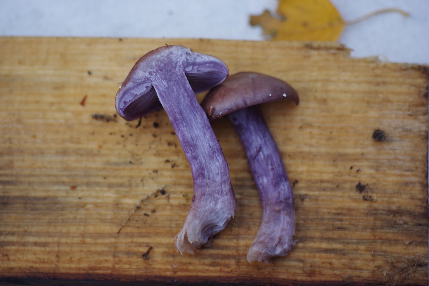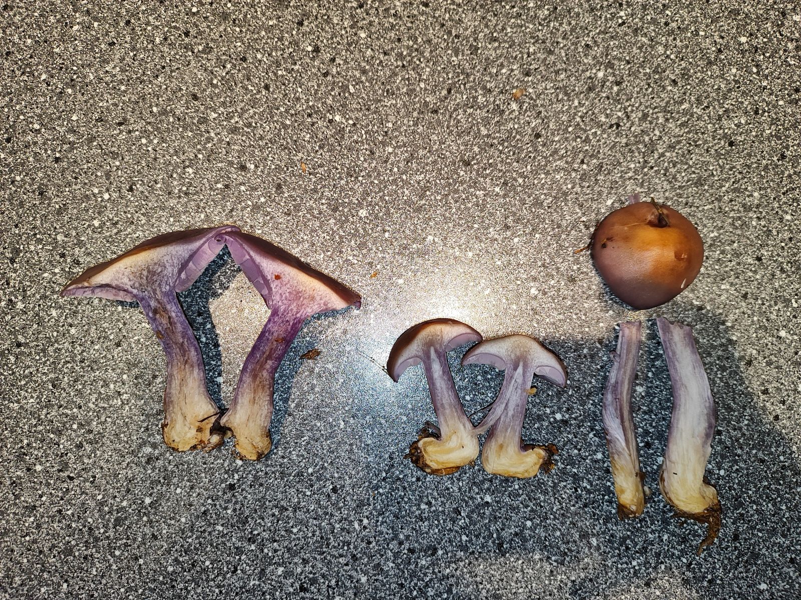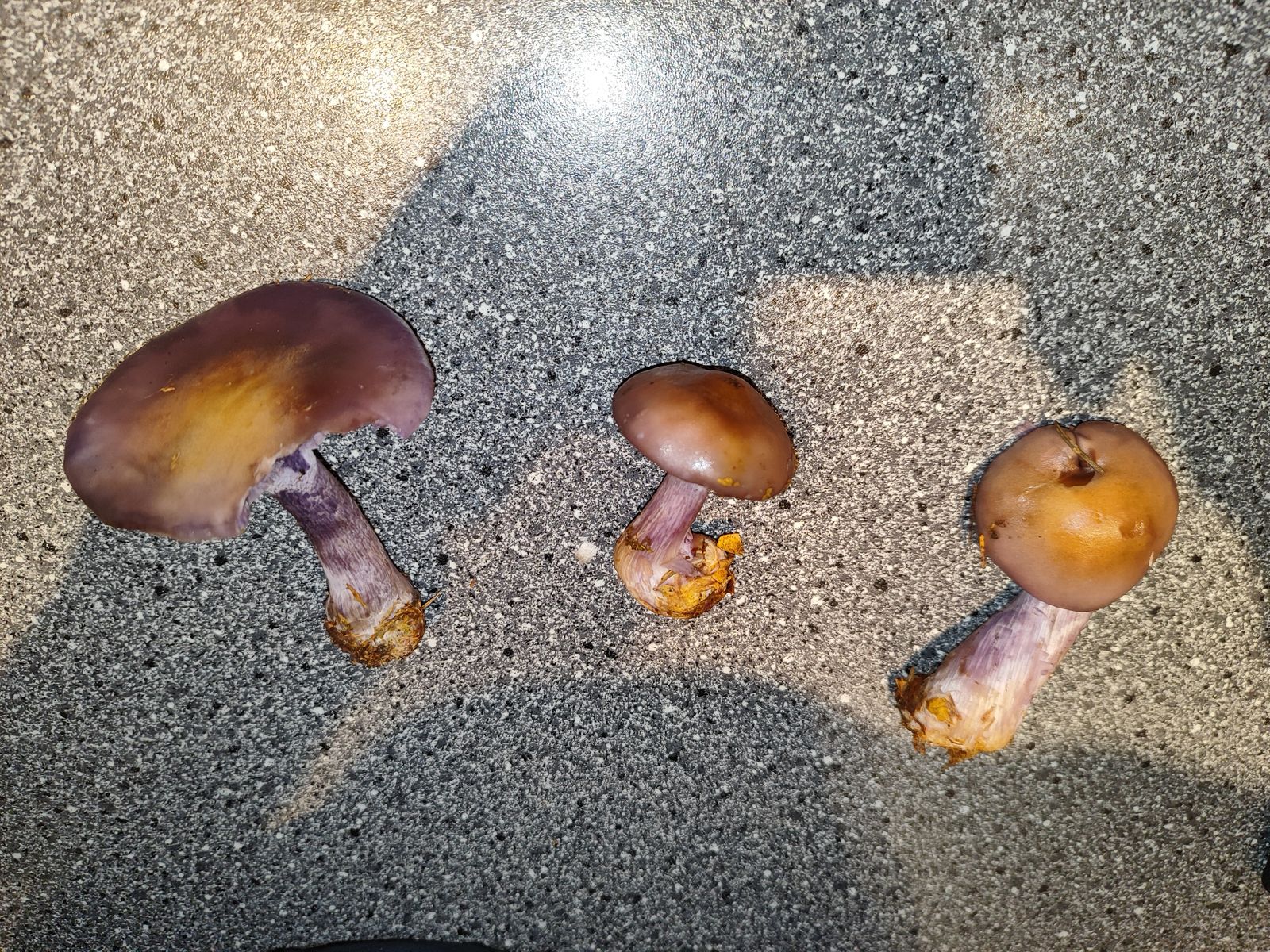 bei meinem heutigen Streifzug durch den Mischwald bin ich über folgende violett-braunen Pilze gestolpert.
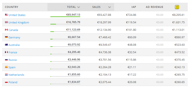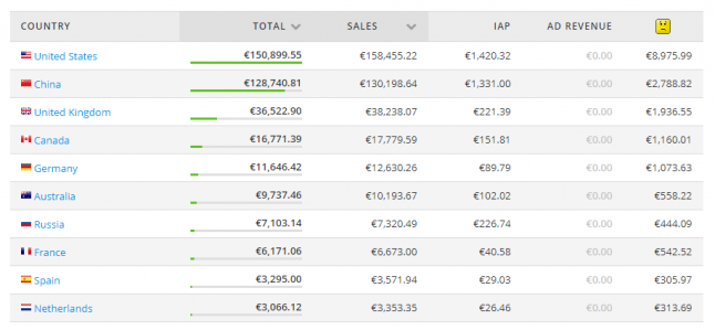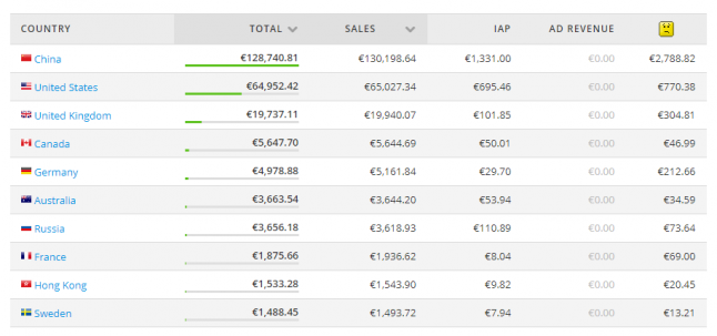 Different countries' performance maps pretty closely to the regional sales we see on PC. The US has always been our biggest market - Americans love a bit of olde-worlde Englysshe charm - but there’s a particular point about China to make.
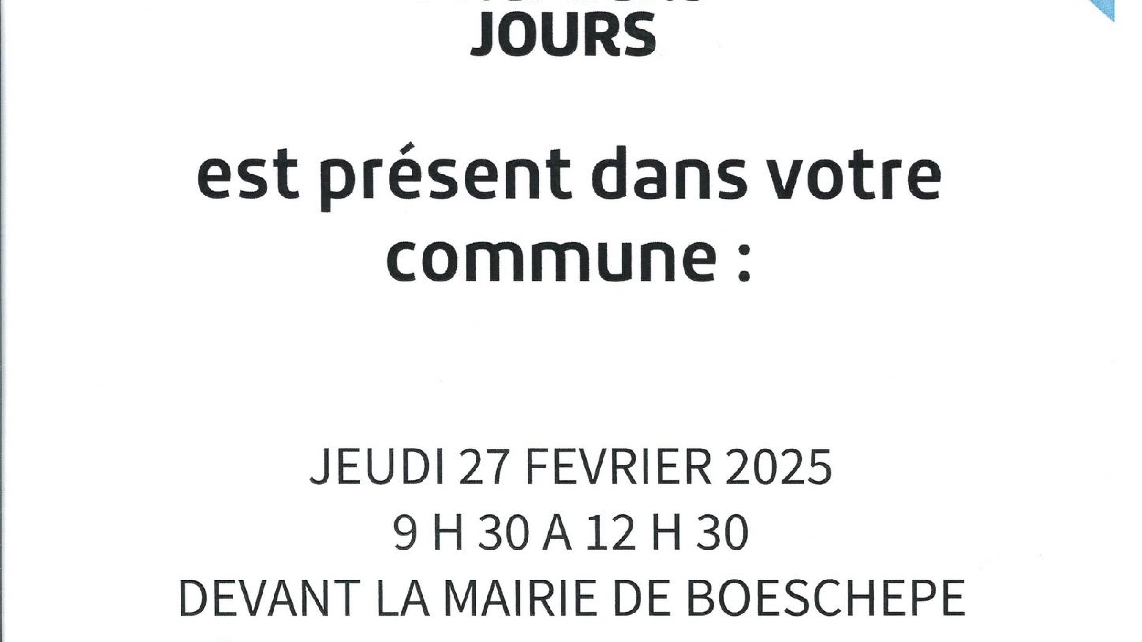 Dans notre commune le jeudi 27 février 2025 de 9h30 à 12h30
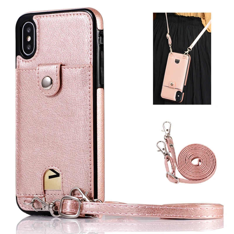 Чехол для iPhone XS MAX XR X 7 8 plus, роскошный чехол из искусственной кожи с отделением для карт и плечевым ремнем, чехлы для телефонов iphone 6 6S plus
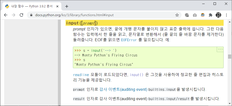 각 내장 함수를 클릭해보면 설명을 확인할 수 있으며 예제 코드가 함께 제공되는 경우도 있습니다. 예를 들어 input() 을 클릭하면 다음과 같은 내용을 확인할 수 있습니다.

TASK DESCRIPTION
What is the exact wording of the lines from the one bearing "Чехол для iPhone" through the final line of the records above? Write it out without the pictures.

SOLUTION
 Чехол для iPhone XS MAX XR X 7 8 plus, роскошный чехол из искусственной кожи с отделением для карт и плечевым ремнем, чехлы для телефонов iphone 6 6S plus
 각 내장 함수를 클릭해보면 설명을 확인할 수 있으며 예제 코드가 함께 제공되는 경우도 있습니다. 예를 들어 input() 을 클릭하면 다음과 같은 내용을 확인할 수 있습니다.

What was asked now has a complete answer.